谷宁看着这本手写的、有点厚度的习题本,并没有比昨天更高兴。
丢掉翻译,她也就能看得懂比较简单日常的句式,巴托这才教了她两天,就让她写习题。
学了两天了,她感觉自己也没学到什么东西。
谷宁看着面前的习题本抓耳挠腮,连蒙带猜的写。
巴托倒也不让她自己干写,手环过她,告诉她这句式和题目是什么意思,要怎么写,等于是给她喂答案了。

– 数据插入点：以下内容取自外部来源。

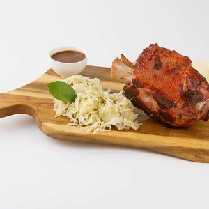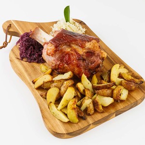 Stinco di maiale di circa 1 kg, affumicato al legno di faggio, servito con patate arrosto,
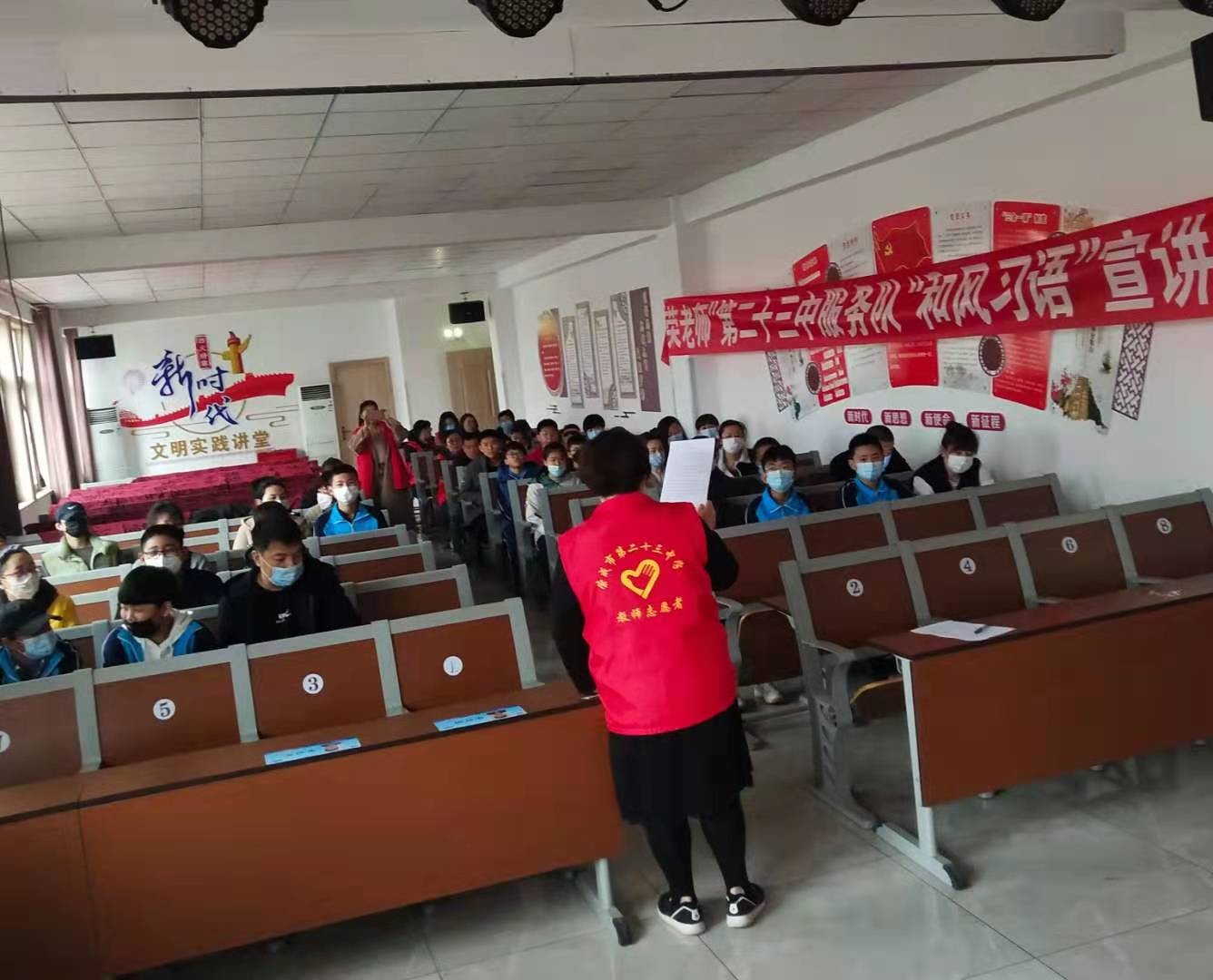 为提升学生文化素养,充实学生业余文化生活,2021年4月10日9:00-11:00二十三中学"和风习雨"走进西火塘寨社区,开展学习荣成"海洋文化、红色文化、生态文化"三大特色品牌,师生共同学习荣成当地特有的海洋文化资源、红色将军县优势和海草房大天鹅等生态优势。通过学习,激发了同学们的灵感,引发了他们的思考,活跃了他们的思维。

但对于这种还没学会走路就起飞的学习方式,谷宁实在消化不了。
巴托看她苦着脸,坐立不安的模样,道:“有这么难吗?我都告诉你答案了。”
谷宁不想说话,给了个“你自己体会”
的眼神。
巴托把翻译耳机往她耳朵里一塞,握住她拿笔的手,带着她写下其中一个题目的答案,“这已经是最简单的学习方式了,你耐心点,只是学通用语,又不是让你进行高等考试。”
谷宁咬了咬牙,道:“我不会,你能不能,先教文字。”
巴托道:“我就是在教啊。”
谷宁:“一句话一句话教。”
巴托:“我就是一句话一句话在教啊。”
谷宁往桌上一趴。
不行,这样绝对不行。
巴托眉头微微一拧,道:“平时挺聪明的,怎么学这个就要闹。”
谷宁手指一弹桌上的笔,闷闷道:“你的问题。”
巴托盯着她看了会,鼻翼微动,凑近她的脸轻声问:“是不是情太难受了?”
之前他还不了解谷宁的身体到底是个什么情况,有了一次经验后,也就知道是怎么回事了。
何况她身上的气味也骗不了人。
“。。。。。。?”
谷宁转了转脑袋,看着小狐狸。
他是怎么得出这个结论的?
巴托搂住她的腰,道:“有需要就告诉我,别自己忍着,我先帮你解决。”
免得她注意力不在这上面。
谷宁:“不是。。。。。。”
她刚开口,亚历克斯推开病房的门走了进来。
看见他,谷宁简直是看到了救星,从座位上弹起来。